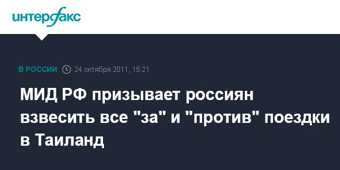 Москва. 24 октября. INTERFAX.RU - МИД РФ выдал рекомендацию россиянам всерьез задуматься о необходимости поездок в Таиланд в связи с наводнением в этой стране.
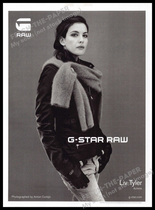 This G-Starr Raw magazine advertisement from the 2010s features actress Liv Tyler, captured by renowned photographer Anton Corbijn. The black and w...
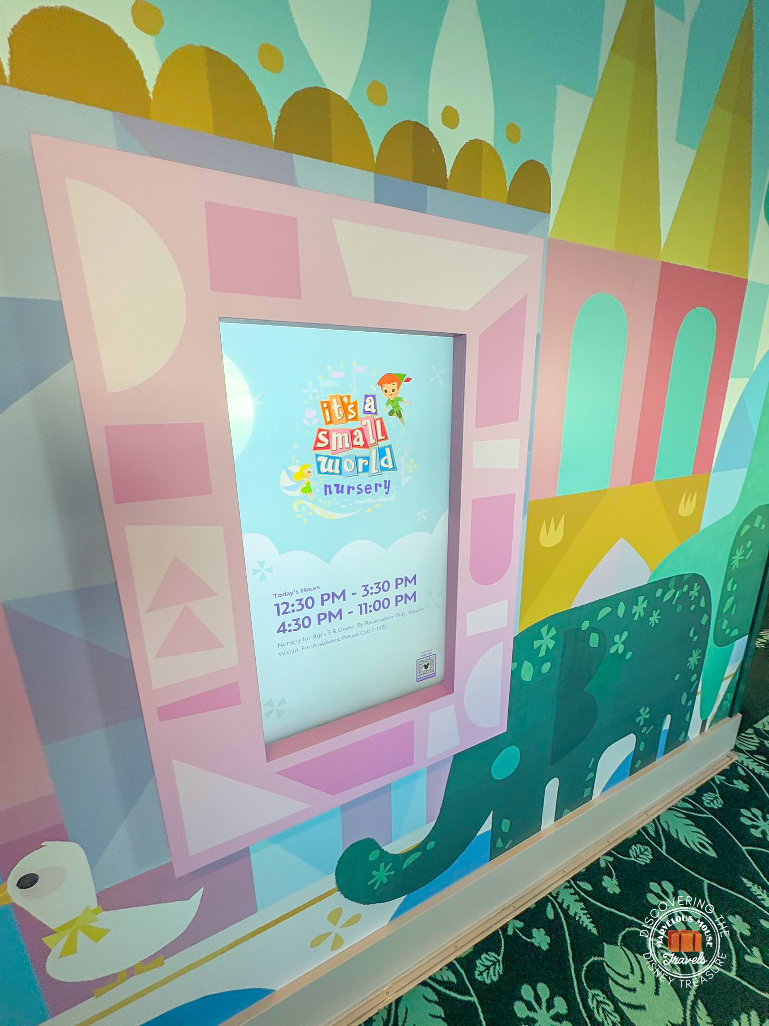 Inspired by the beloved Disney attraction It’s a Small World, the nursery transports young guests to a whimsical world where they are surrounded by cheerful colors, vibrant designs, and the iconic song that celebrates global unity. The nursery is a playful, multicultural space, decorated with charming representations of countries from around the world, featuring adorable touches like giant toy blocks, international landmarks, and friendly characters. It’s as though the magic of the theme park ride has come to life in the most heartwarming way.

#####

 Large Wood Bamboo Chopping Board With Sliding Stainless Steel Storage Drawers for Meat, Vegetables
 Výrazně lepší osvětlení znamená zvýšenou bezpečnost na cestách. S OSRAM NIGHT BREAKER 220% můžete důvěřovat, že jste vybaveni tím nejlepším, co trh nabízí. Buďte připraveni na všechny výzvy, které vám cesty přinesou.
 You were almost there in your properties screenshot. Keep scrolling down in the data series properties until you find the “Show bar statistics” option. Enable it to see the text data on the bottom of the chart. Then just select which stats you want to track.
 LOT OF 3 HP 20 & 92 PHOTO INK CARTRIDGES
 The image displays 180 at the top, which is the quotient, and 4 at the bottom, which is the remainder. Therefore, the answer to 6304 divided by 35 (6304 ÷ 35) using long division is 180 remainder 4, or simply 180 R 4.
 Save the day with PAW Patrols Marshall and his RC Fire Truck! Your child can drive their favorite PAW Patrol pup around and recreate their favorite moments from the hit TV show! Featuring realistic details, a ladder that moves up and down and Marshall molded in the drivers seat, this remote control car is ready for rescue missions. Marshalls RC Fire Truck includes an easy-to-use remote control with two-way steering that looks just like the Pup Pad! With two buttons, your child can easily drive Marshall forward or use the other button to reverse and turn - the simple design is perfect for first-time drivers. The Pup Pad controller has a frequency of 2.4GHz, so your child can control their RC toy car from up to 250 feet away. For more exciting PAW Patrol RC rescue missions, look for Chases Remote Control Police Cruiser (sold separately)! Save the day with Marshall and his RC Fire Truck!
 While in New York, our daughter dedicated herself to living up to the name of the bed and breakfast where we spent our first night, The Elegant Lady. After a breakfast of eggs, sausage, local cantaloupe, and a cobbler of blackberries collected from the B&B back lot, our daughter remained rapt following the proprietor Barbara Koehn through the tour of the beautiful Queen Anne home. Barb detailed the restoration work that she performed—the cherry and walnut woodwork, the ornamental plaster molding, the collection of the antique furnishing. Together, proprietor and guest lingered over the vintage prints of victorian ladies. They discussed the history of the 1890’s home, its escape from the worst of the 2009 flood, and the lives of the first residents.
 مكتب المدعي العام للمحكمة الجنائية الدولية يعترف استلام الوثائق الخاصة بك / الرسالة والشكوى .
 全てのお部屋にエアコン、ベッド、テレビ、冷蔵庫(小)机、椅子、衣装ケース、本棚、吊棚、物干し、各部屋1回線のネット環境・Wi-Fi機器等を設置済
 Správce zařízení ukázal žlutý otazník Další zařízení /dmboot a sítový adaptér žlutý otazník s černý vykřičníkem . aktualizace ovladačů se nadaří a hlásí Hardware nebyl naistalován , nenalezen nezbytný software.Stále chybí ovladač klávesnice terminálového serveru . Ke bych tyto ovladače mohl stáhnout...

#####

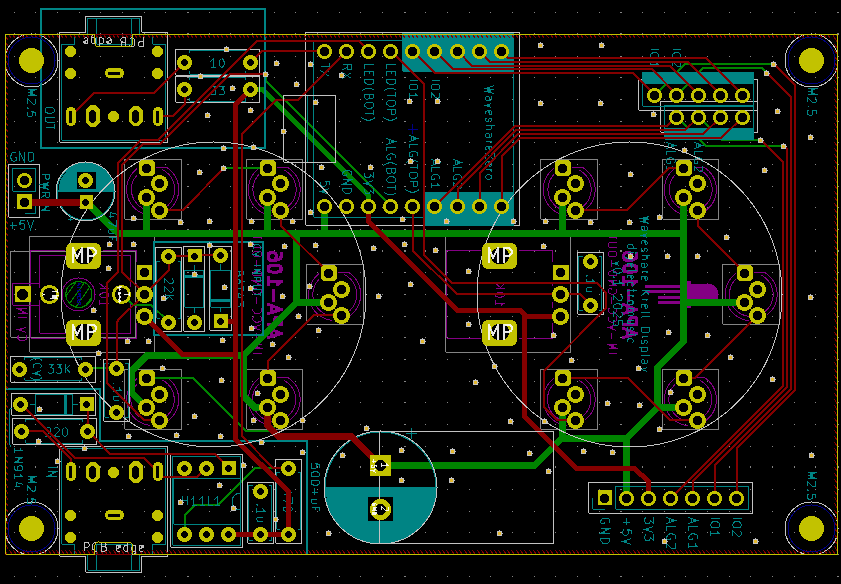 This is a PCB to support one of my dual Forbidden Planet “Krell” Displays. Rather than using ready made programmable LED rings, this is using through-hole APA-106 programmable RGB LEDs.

#####

### DESCRIPTION OF THE TASK
Report how many lines above hold the string "your", giving nothing but the number.

### OUTPUT
2